About this exercise: From the listing below, output the lines between the one with "This elegant bracelet" and the one with "得力HC170-2B-12支奶茶黑木洞洞书写铅笔(混)(24盒/中)/HB", including those two, and nothing else. Pictures are not copied.

Recorded data:
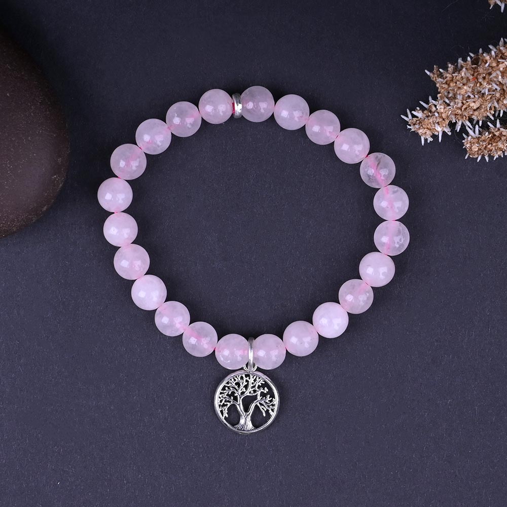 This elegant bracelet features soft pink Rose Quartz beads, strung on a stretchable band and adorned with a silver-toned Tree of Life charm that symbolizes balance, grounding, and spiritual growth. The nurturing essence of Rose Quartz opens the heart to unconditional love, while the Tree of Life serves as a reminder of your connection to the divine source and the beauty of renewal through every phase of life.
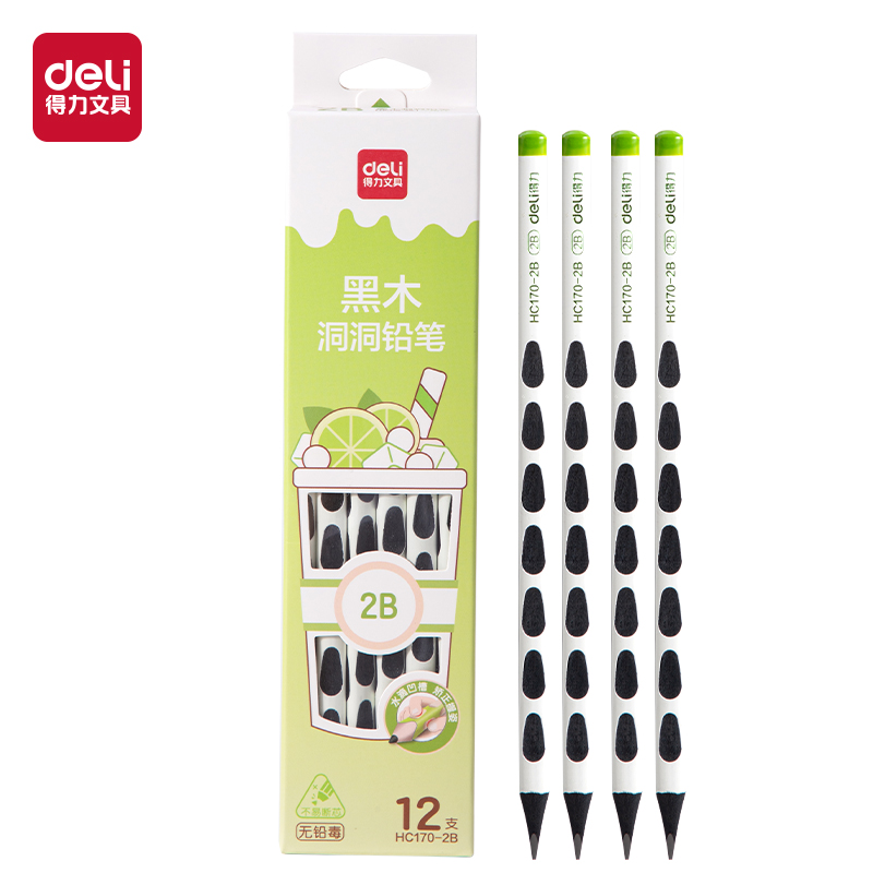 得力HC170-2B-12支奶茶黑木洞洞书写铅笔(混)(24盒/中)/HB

* * *

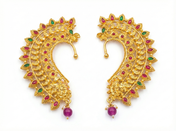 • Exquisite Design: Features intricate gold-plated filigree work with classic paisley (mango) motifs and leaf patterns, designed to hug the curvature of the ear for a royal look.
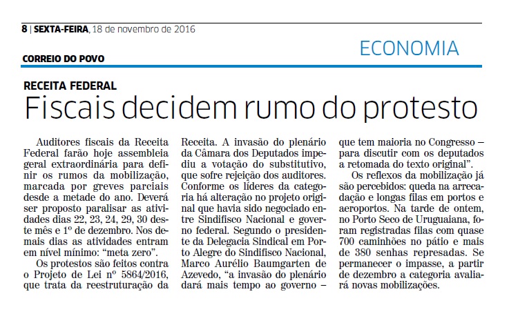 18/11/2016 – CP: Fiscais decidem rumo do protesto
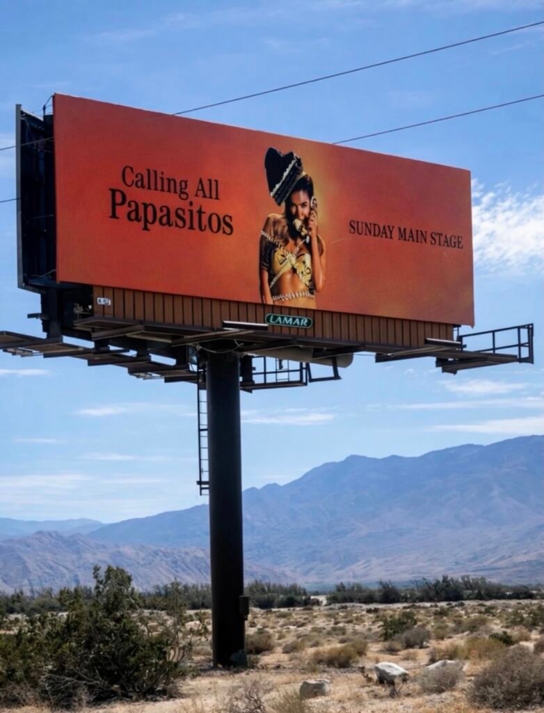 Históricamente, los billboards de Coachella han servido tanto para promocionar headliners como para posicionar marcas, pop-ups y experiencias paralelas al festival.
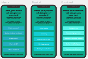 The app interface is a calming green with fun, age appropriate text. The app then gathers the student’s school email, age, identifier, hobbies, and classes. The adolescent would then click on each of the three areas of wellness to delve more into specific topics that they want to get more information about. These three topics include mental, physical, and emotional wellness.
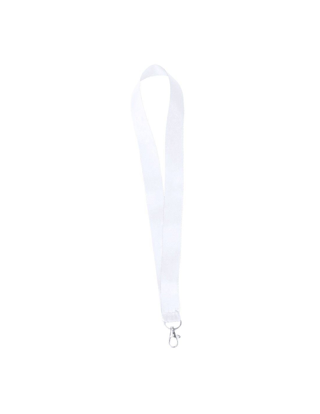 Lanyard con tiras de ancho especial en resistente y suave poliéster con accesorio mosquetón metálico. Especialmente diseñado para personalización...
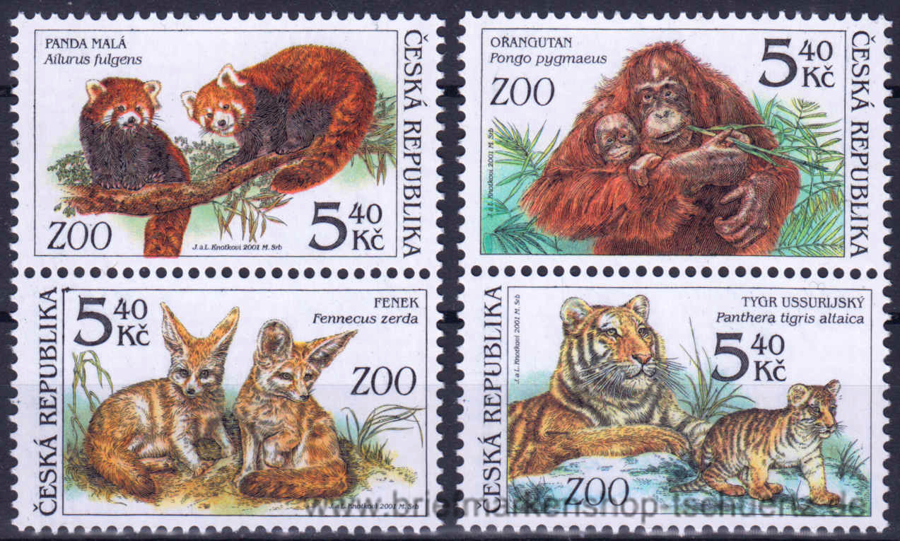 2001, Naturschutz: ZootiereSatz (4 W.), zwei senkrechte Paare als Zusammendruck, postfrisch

Response below:
 This elegant bracelet features soft pink Rose Quartz beads, strung on a stretchable band and adorned with a silver-toned Tree of Life charm that symbolizes balance, grounding, and spiritual growth. The nurturing essence of Rose Quartz opens the heart to unconditional love, while the Tree of Life serves as a reminder of your connection to the divine source and the beauty of renewal through every phase of life.
 得力HC170-2B-12支奶茶黑木洞洞书写铅笔(混)(24盒/中)/HB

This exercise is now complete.